(THE DATA Opens)

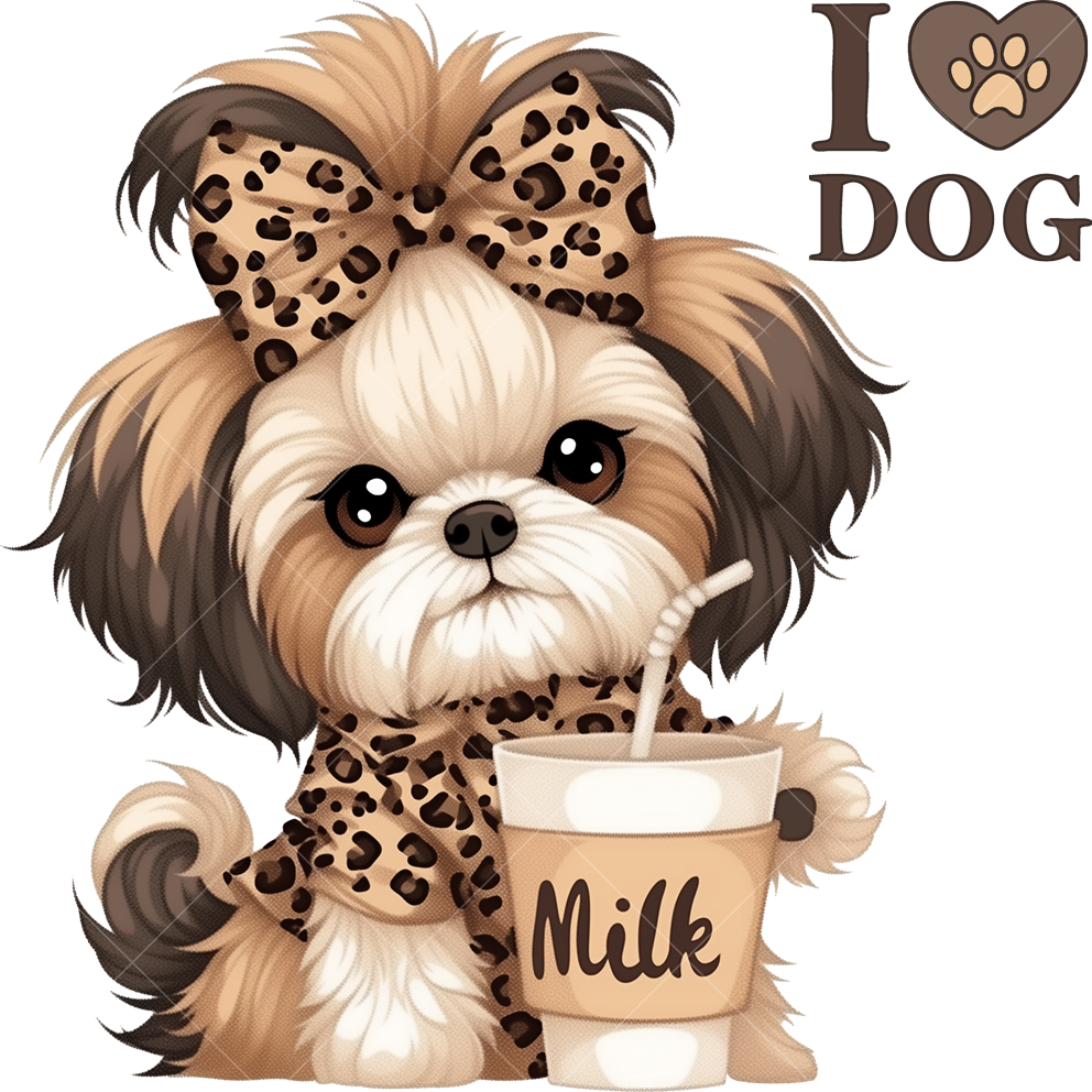 Термонаклейка собака с молоком - стильный акцент для одежды. Легко наносится, устойчив к стирке, долго сохраняет насыщенность цветов, подходит для различных материалов.
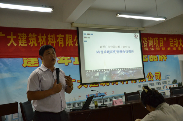 2015年7月14日,日照廣大建筑材料有限公司“6S規(guī)范化管理咨詢項(xiàng)目”啟動大會在研發(fā)中心大會議室隆重召開,公司董事長程永聚、副總經(jīng)理劉偉、許繡梅以及公司全體管理人員和各部門業(yè)務(wù)骨干近60人列席參會。項(xiàng)目啟動大會由辦公室主任王麗萍主持,明洋公司咨詢總監(jiān)王潤老師對廣大建材目前在企業(yè)管理方面尤其是生產(chǎn)管理方面存在的問題進(jìn)行簡單介紹,同時對此項(xiàng)目的咨詢內(nèi)容、推進(jìn)步驟、咨詢目標(biāo)、項(xiàng)目推進(jìn)計(jì)劃等做了詳細(xì)講解。
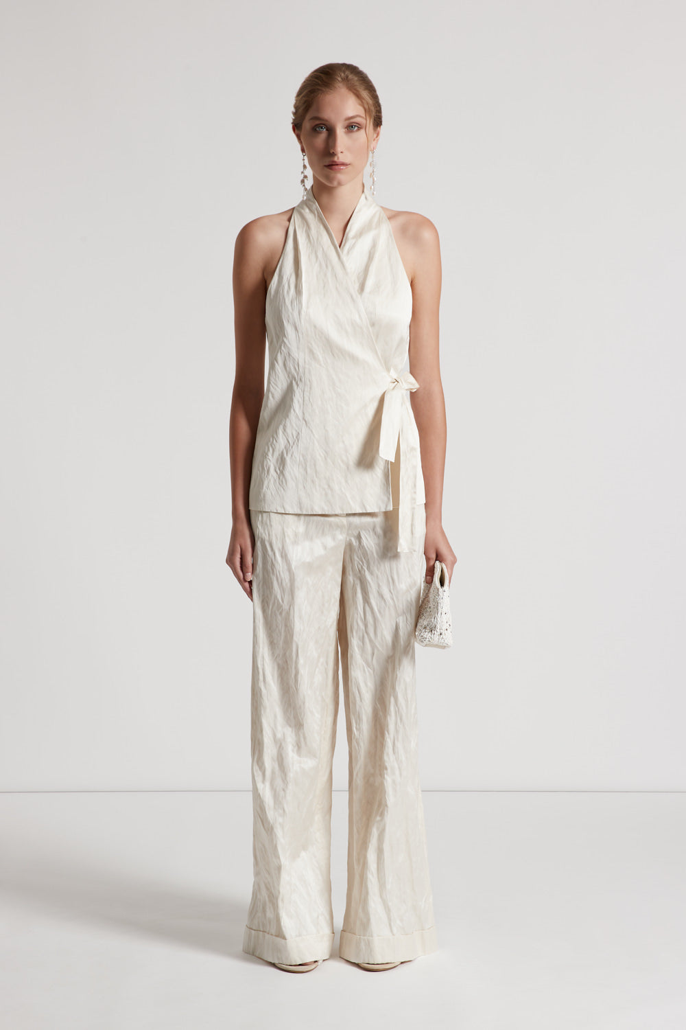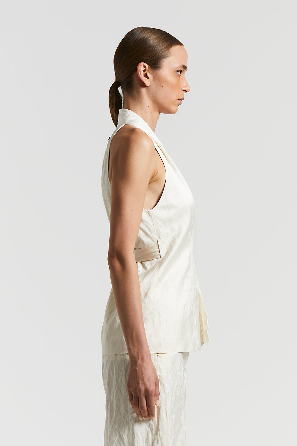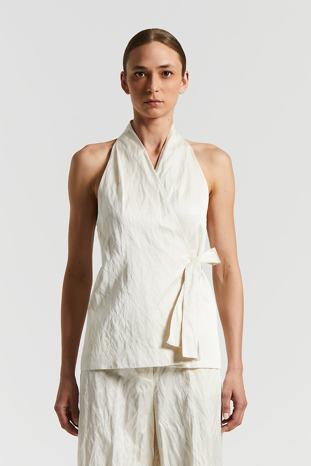 With contemporary aesthetics, this cotton linen crushed satin waistcoat is a must-have for those who wish to stand out with style and elegance.With a crossover halter neck, it presents an essential de…
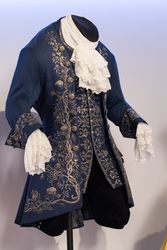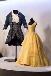 The sheer amount of detail and craftsmanship put into both Belle’s and the Beast’s attire is something rarely seen in the movie, what with the dance scene that is as old and enchanting as time. The bodice of her signature yellow dress was sequined with tiny dots of glitter embroidered into the light taffeta looking material. Looking at it was as magical as spinning and flying about the dance floor as it must have been for Emma Watson — one could just imagine the sequins and sparkles glittering. The details of Belle’s necklace surprised me, as that is one ornament that viewers don’t get to see much detail of in the film. The pendant, a gleaming bronze-gold, is only big enough to fit in the palm of your hand and shaped to look like a vine weaved with flowers and leaves. The chain is a bronze ribbon. I felt like a princess just looking at the costume.
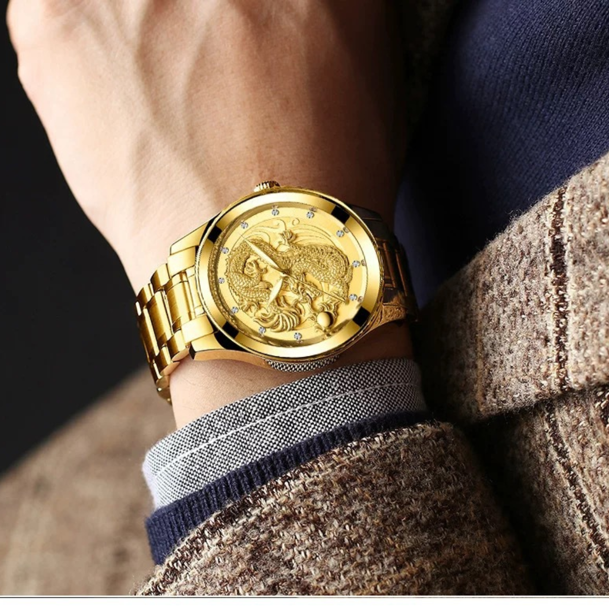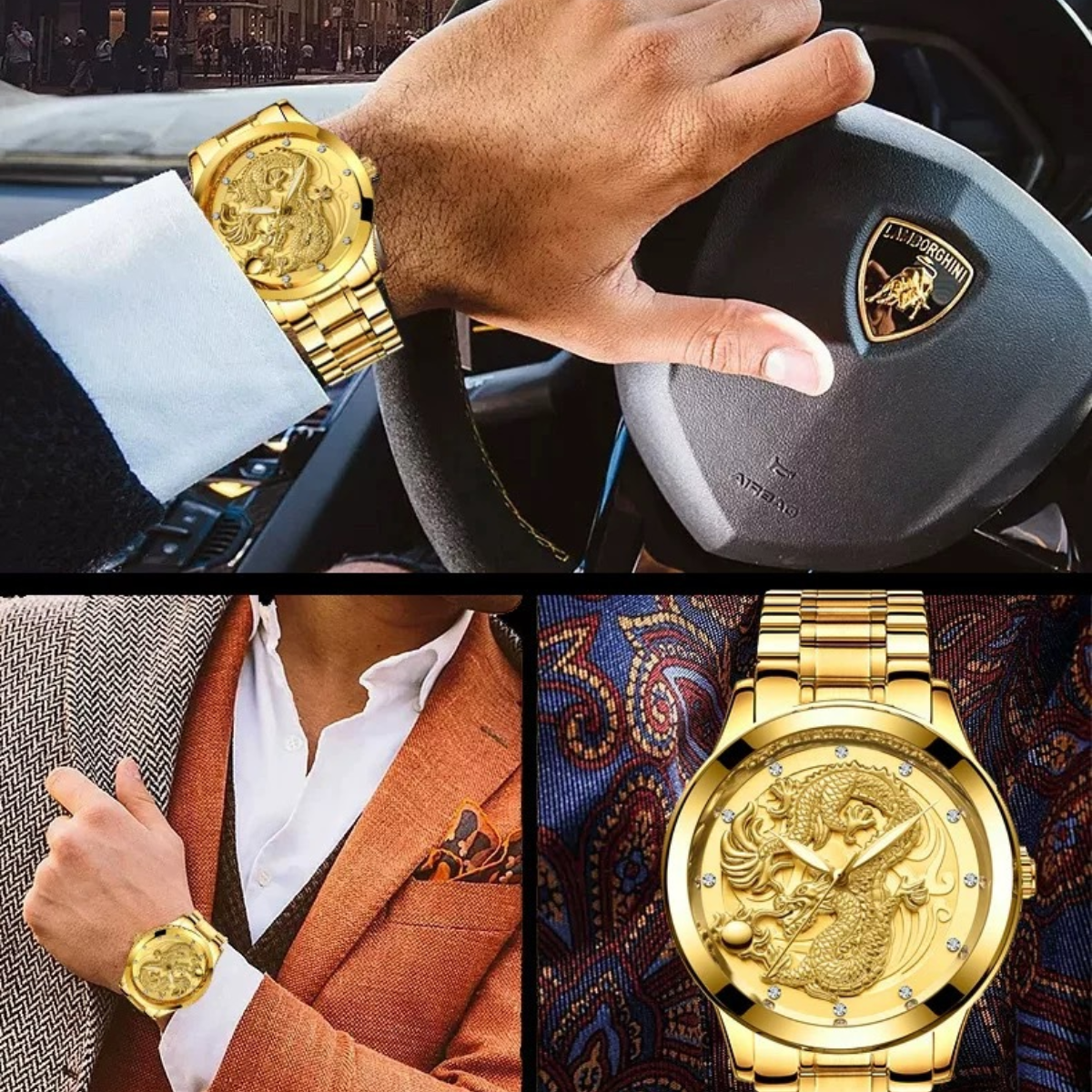Đồng Hồ Nam Mặt Rồng Vàng Nổi 3D Dây Kim Loại Cao Cấp

(THE DATA Closes)

ABOUT THIS EXERCISE: All of the records should be output exactly as they stand, with pictures omitted.

ANSWER SECTION:
 Термонаклейка собака с молоком - стильный акцент для одежды. Легко наносится, устойчив к стирке, долго сохраняет насыщенность цветов, подходит для различных материалов.
 2015年7月14日,日照廣大建筑材料有限公司“6S規(guī)范化管理咨詢項(xiàng)目”啟動大會在研發(fā)中心大會議室隆重召開,公司董事長程永聚、副總經(jīng)理劉偉、許繡梅以及公司全體管理人員和各部門業(yè)務(wù)骨干近60人列席參會。項(xiàng)目啟動大會由辦公室主任王麗萍主持,明洋公司咨詢總監(jiān)王潤老師對廣大建材目前在企業(yè)管理方面尤其是生產(chǎn)管理方面存在的問題進(jìn)行簡單介紹,同時對此項(xiàng)目的咨詢內(nèi)容、推進(jìn)步驟、咨詢目標(biāo)、項(xiàng)目推進(jìn)計(jì)劃等做了詳細(xì)講解。
 With contemporary aesthetics, this cotton linen crushed satin waistcoat is a must-have for those who wish to stand out with style and elegance.With a crossover halter neck, it presents an essential de…
 The sheer amount of detail and craftsmanship put into both Belle’s and the Beast’s attire is something rarely seen in the movie, what with the dance scene that is as old and enchanting as time. The bodice of her signature yellow dress was sequined with tiny dots of glitter embroidered into the light taffeta looking material. Looking at it was as magical as spinning and flying about the dance floor as it must have been for Emma Watson — one could just imagine the sequins and sparkles glittering. The details of Belle’s necklace surprised me, as that is one ornament that viewers don’t get to see much detail of in the film. The pendant, a gleaming bronze-gold, is only big enough to fit in the palm of your hand and shaped to look like a vine weaved with flowers and leaves. The chain is a bronze ribbon. I felt like a princess just looking at the costume.
Đồng Hồ Nam Mặt Rồng Vàng Nổi 3D Dây Kim Loại Cao Cấp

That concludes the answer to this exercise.